**Exercise materials**:

Content starts

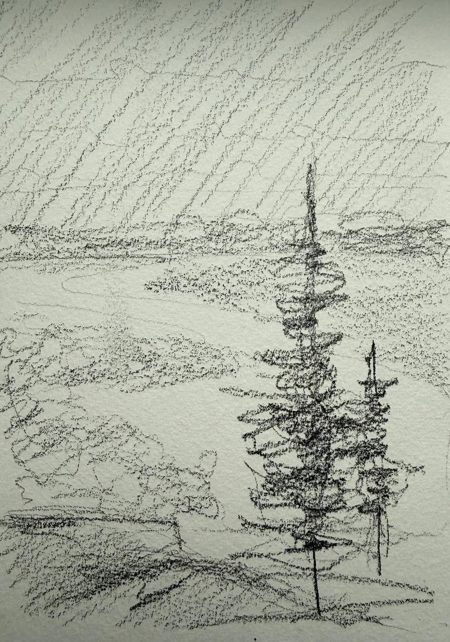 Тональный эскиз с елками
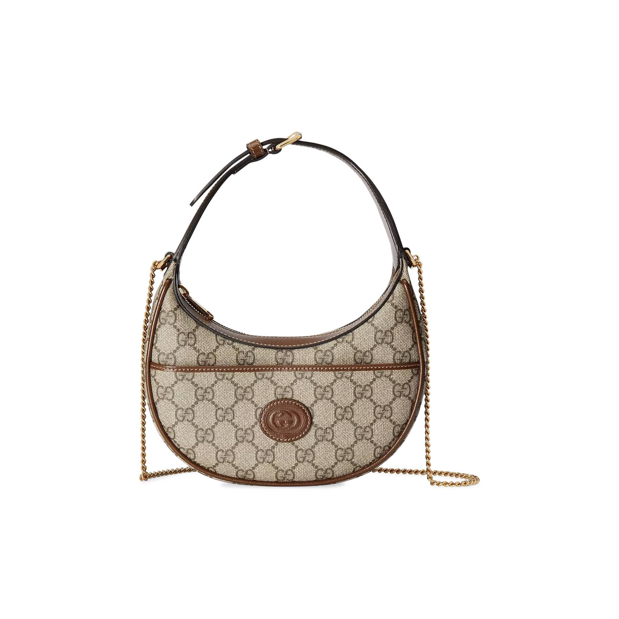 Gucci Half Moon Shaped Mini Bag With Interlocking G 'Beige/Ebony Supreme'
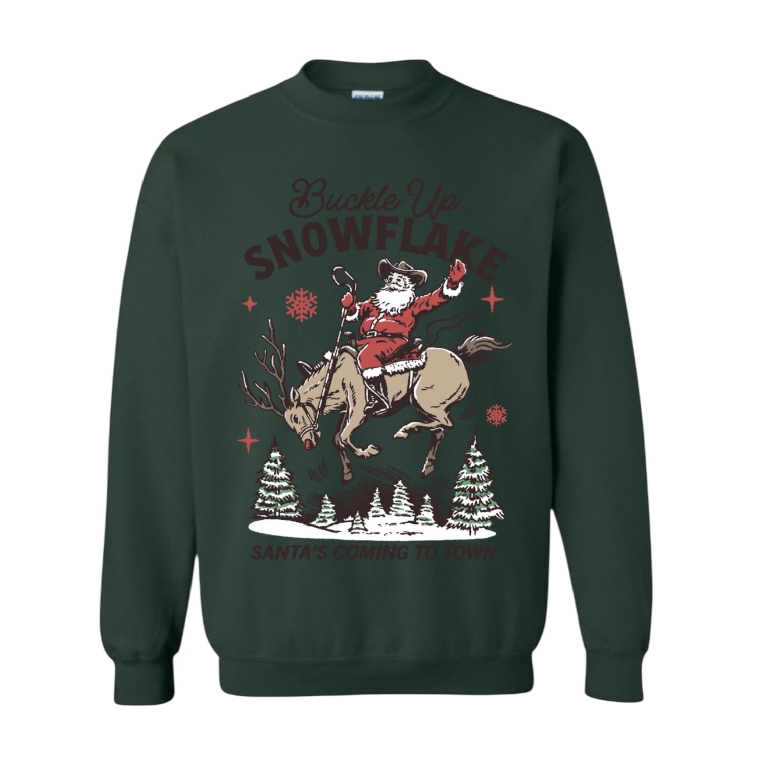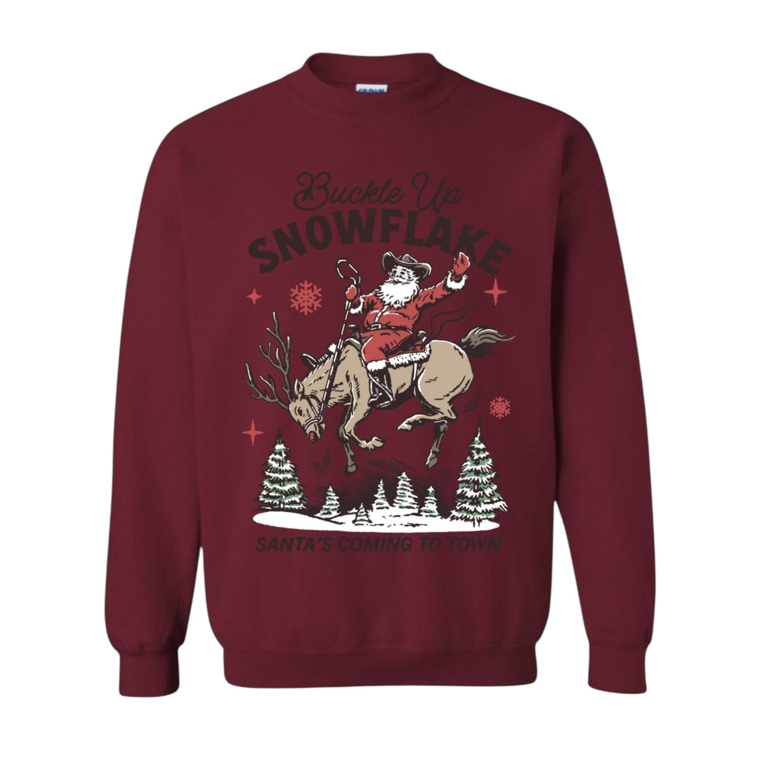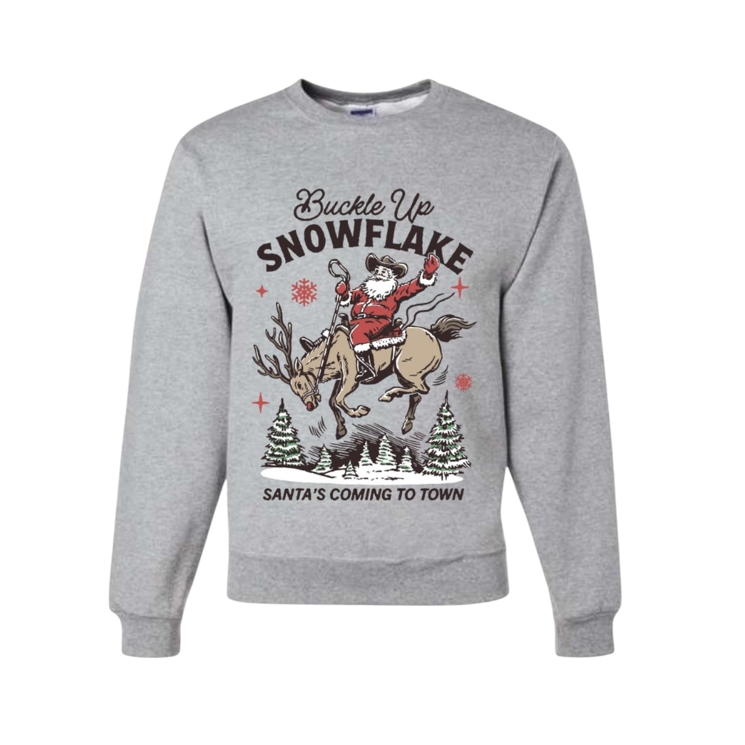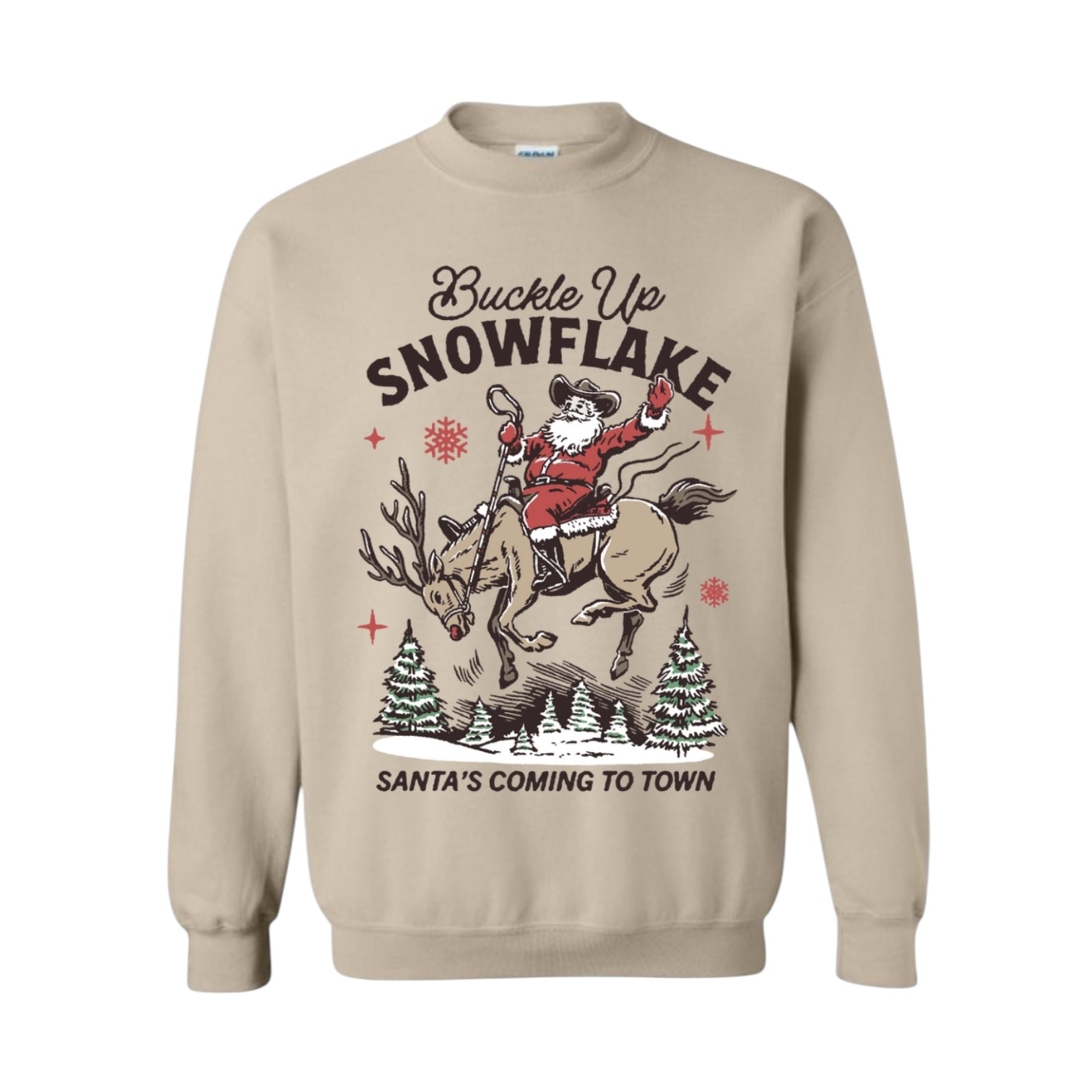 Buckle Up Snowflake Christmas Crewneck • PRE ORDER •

Content ends
Content starts

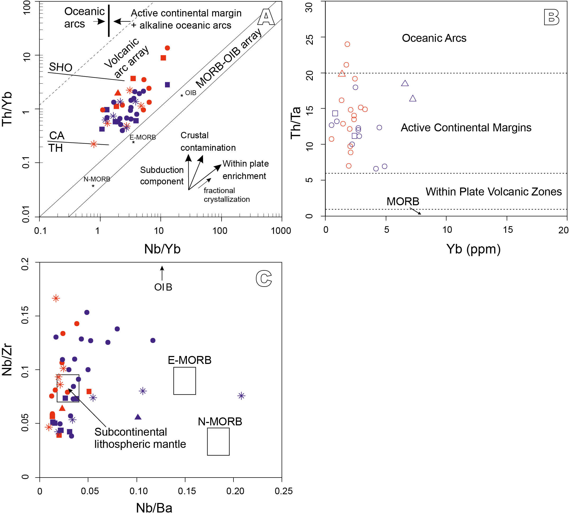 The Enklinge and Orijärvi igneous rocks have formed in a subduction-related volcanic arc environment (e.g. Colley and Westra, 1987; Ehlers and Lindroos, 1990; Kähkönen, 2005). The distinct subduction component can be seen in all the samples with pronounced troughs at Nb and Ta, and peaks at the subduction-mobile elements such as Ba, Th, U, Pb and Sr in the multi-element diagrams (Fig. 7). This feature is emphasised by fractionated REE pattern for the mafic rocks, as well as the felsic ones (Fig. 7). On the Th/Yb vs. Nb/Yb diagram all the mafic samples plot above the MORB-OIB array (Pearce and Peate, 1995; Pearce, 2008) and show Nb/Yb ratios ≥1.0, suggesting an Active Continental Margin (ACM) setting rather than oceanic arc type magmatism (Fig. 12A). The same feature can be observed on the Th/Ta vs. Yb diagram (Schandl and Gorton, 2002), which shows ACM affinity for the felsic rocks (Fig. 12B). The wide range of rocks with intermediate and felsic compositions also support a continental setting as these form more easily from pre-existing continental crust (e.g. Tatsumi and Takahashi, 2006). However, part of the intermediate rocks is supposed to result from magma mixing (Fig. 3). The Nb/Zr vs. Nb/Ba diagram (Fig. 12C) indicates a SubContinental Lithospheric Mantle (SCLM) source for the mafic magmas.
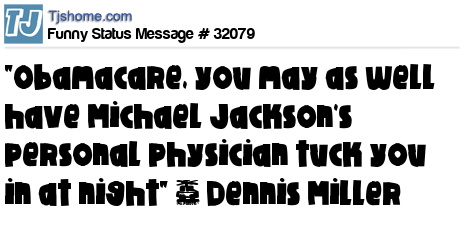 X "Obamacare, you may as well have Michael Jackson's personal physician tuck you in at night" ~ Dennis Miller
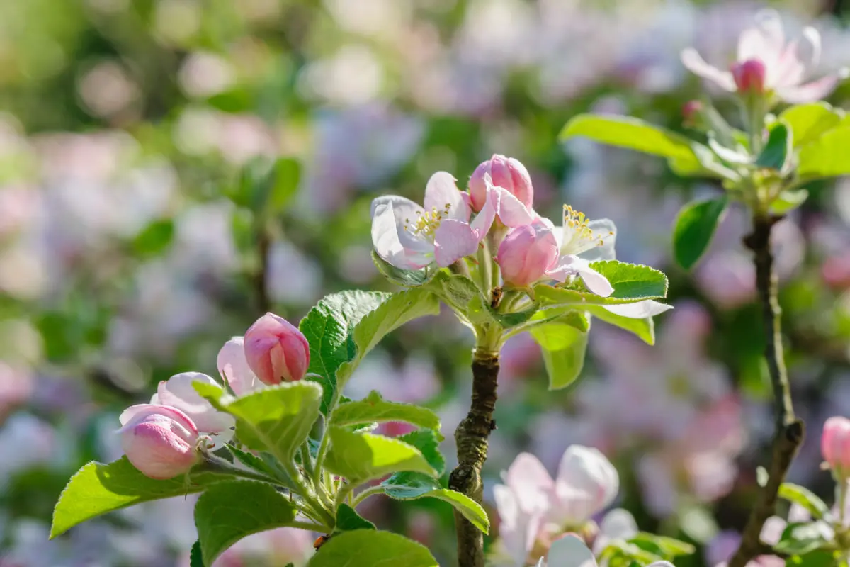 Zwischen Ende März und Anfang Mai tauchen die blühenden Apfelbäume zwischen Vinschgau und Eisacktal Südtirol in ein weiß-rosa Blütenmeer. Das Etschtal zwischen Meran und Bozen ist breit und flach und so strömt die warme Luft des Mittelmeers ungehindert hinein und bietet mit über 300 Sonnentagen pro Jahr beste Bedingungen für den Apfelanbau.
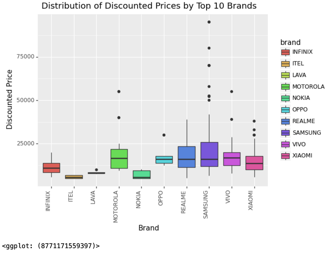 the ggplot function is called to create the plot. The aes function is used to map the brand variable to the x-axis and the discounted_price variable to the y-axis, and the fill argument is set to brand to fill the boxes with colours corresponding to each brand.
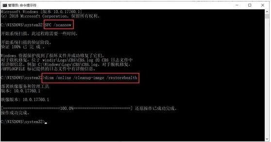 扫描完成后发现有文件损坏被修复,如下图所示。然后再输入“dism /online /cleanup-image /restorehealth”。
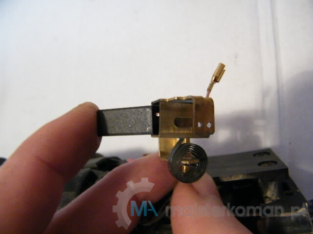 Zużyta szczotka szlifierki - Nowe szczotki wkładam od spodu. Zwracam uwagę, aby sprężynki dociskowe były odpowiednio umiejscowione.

Content ends
Content starts

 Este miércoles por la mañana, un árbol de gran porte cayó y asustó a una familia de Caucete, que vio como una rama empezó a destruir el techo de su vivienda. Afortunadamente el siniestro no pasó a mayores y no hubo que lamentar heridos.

Content ends

Only the lines starting at the one that includes "Тональный эскиз с елками" and ending at the one that includes "Buckle Up Snowflake" should be retyped, exactly, from the records above; no pictures.

 Тональный эскиз с елками
 Gucci Half Moon Shaped Mini Bag With Interlocking G 'Beige/Ebony Supreme'
 Buckle Up Snowflake Christmas Crewneck • PRE ORDER •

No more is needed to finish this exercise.